• _MATERIAL PROVIDED_
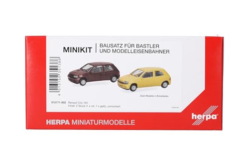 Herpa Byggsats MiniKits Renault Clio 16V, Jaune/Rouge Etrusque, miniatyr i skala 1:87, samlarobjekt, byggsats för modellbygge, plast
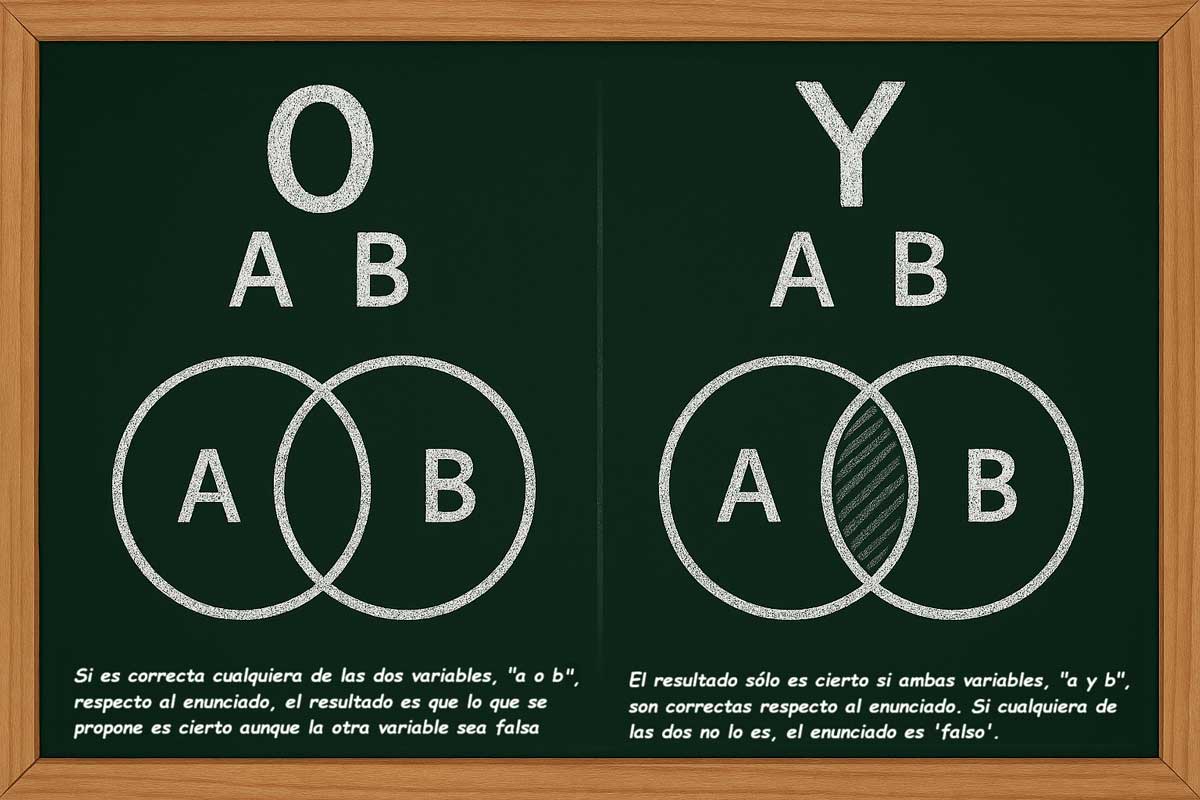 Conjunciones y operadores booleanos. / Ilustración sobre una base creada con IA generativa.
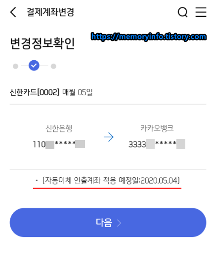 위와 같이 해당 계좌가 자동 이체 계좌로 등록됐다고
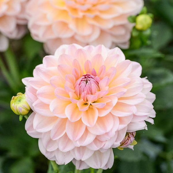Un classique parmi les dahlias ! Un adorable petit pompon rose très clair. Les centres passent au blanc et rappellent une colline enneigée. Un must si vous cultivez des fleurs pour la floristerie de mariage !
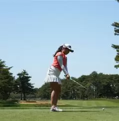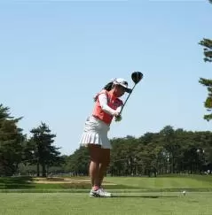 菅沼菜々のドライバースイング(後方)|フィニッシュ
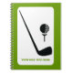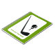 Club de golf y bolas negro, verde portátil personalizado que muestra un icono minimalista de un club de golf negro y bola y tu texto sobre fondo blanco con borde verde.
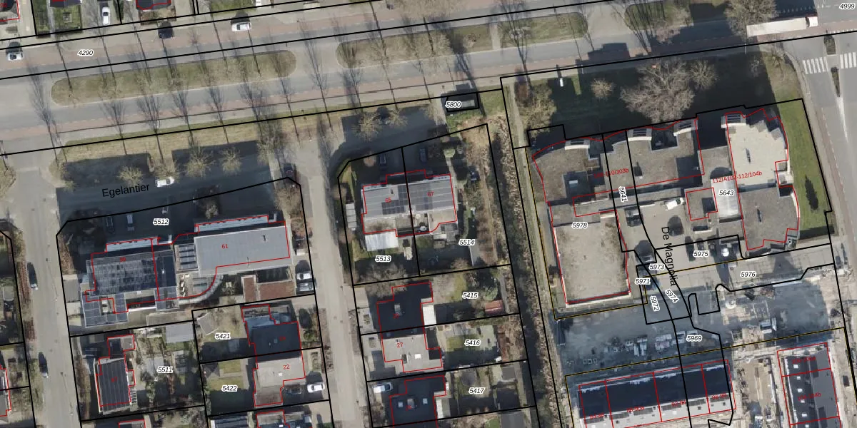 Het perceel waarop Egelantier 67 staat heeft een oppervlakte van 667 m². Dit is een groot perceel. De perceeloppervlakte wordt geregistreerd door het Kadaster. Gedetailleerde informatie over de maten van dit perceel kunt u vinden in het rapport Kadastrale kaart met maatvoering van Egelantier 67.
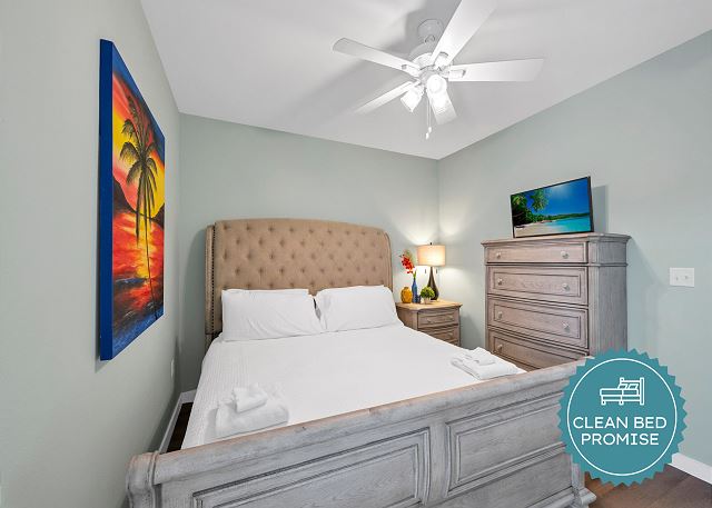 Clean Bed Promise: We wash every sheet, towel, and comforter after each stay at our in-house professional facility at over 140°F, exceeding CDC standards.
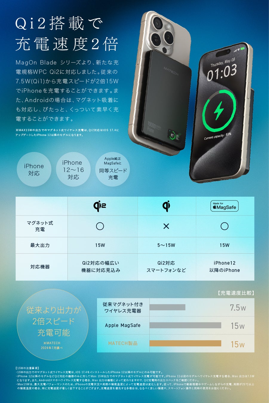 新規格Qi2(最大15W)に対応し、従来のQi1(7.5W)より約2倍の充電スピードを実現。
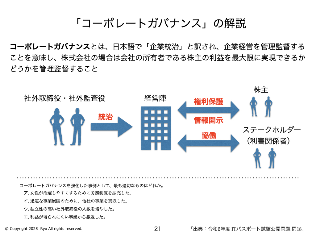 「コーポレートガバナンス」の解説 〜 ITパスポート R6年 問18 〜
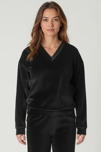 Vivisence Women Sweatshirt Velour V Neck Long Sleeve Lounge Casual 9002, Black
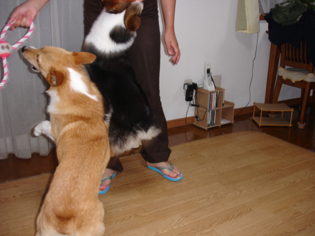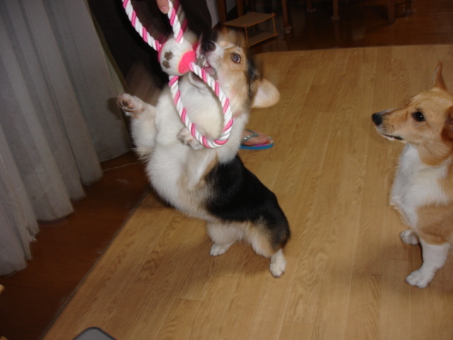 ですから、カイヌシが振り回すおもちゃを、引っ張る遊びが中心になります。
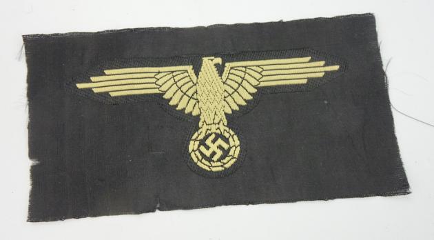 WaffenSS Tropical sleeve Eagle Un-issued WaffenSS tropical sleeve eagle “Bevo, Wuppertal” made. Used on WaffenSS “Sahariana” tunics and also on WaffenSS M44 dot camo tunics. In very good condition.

• _HOW TO COMPLETE THIS TASK_
Print only the lines from the opening line of the listing to the line containing "Het perceel waarop", inclusive, exactly as they appear and without pictures.

• _ANSWER TO THE PROBLEM_
 Herpa Byggsats MiniKits Renault Clio 16V, Jaune/Rouge Etrusque, miniatyr i skala 1:87, samlarobjekt, byggsats för modellbygge, plast
 Conjunciones y operadores booleanos. / Ilustración sobre una base creada con IA generativa.
 위와 같이 해당 계좌가 자동 이체 계좌로 등록됐다고
Un classique parmi les dahlias ! Un adorable petit pompon rose très clair. Les centres passent au blanc et rappellent une colline enneigée. Un must si vous cultivez des fleurs pour la floristerie de mariage !
 菅沼菜々のドライバースイング(後方)|フィニッシュ
 Club de golf y bolas negro, verde portátil personalizado que muestra un icono minimalista de un club de golf negro y bola y tu texto sobre fondo blanco con borde verde.
 Het perceel waarop Egelantier 67 staat heeft een oppervlakte van 667 m². Dit is een groot perceel. De perceeloppervlakte wordt geregistreerd door het Kadaster. Gedetailleerde informatie over de maten van dit perceel kunt u vinden in het rapport Kadastrale kaart met maatvoering van Egelantier 67.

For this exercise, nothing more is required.